**Exercise:**
Once the line containing "Observacions: Es tracta" is found in the data below, output that line and every line after it through the last, unchanged and with nothing else.
(Beginning of Data to process)
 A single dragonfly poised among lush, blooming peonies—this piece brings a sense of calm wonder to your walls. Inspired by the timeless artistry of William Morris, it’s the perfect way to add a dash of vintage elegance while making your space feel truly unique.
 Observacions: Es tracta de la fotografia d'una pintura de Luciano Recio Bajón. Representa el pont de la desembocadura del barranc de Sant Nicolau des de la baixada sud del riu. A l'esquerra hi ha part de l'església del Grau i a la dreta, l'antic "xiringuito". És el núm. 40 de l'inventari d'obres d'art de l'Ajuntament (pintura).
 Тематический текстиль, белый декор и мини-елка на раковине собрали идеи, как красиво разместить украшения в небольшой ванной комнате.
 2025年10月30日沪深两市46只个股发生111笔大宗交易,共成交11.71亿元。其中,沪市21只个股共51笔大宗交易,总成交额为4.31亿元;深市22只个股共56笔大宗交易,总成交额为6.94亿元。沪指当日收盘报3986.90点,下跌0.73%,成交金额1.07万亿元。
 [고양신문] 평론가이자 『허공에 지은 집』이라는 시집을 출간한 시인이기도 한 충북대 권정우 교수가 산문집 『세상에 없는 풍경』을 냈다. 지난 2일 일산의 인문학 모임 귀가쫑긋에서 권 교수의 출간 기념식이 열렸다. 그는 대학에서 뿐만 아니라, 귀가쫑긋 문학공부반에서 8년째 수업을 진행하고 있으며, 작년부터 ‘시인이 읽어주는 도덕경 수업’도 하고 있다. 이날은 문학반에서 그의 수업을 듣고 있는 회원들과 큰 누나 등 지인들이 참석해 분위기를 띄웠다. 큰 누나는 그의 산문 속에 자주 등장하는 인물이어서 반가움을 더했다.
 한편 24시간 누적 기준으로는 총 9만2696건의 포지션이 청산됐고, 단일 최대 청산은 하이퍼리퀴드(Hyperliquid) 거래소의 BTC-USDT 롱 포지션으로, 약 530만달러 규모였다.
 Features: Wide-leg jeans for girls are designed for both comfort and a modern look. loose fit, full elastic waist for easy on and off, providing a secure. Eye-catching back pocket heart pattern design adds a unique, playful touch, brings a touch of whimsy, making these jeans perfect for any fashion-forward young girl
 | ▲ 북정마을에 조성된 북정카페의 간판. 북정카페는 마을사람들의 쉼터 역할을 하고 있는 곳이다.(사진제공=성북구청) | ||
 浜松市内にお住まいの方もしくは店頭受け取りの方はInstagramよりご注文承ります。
(End of Data to process)
**Written response:**
 Observacions: Es tracta de la fotografia d'una pintura de Luciano Recio Bajón. Representa el pont de la desembocadura del barranc de Sant Nicolau des de la baixada sud del riu. A l'esquerra hi ha part de l'església del Grau i a la dreta, l'antic "xiringuito". És el núm. 40 de l'inventari d'obres d'art de l'Ajuntament (pintura).
 Тематический текстиль, белый декор и мини-елка на раковине собрали идеи, как красиво разместить украшения в небольшой ванной комнате.
 2025年10月30日沪深两市46只个股发生111笔大宗交易,共成交11.71亿元。其中,沪市21只个股共51笔大宗交易,总成交额为4.31亿元;深市22只个股共56笔大宗交易,总成交额为6.94亿元。沪指当日收盘报3986.90点,下跌0.73%,成交金额1.07万亿元。
 [고양신문] 평론가이자 『허공에 지은 집』이라는 시집을 출간한 시인이기도 한 충북대 권정우 교수가 산문집 『세상에 없는 풍경』을 냈다. 지난 2일 일산의 인문학 모임 귀가쫑긋에서 권 교수의 출간 기념식이 열렸다. 그는 대학에서 뿐만 아니라, 귀가쫑긋 문학공부반에서 8년째 수업을 진행하고 있으며, 작년부터 ‘시인이 읽어주는 도덕경 수업’도 하고 있다. 이날은 문학반에서 그의 수업을 듣고 있는 회원들과 큰 누나 등 지인들이 참석해 분위기를 띄웠다. 큰 누나는 그의 산문 속에 자주 등장하는 인물이어서 반가움을 더했다.
 한편 24시간 누적 기준으로는 총 9만2696건의 포지션이 청산됐고, 단일 최대 청산은 하이퍼리퀴드(Hyperliquid) 거래소의 BTC-USDT 롱 포지션으로, 약 530만달러 규모였다.
 Features: Wide-leg jeans for girls are designed for both comfort and a modern look. loose fit, full elastic waist for easy on and off, providing a secure. Eye-catching back pocket heart pattern design adds a unique, playful touch, brings a touch of whimsy, making these jeans perfect for any fashion-forward young girl
 | ▲ 북정마을에 조성된 북정카페의 간판. 북정카페는 마을사람들의 쉼터 역할을 하고 있는 곳이다.(사진제공=성북구청) | ||
 浜松市内にお住まいの方もしくは店頭受け取りの方はInstagramよりご注文承ります。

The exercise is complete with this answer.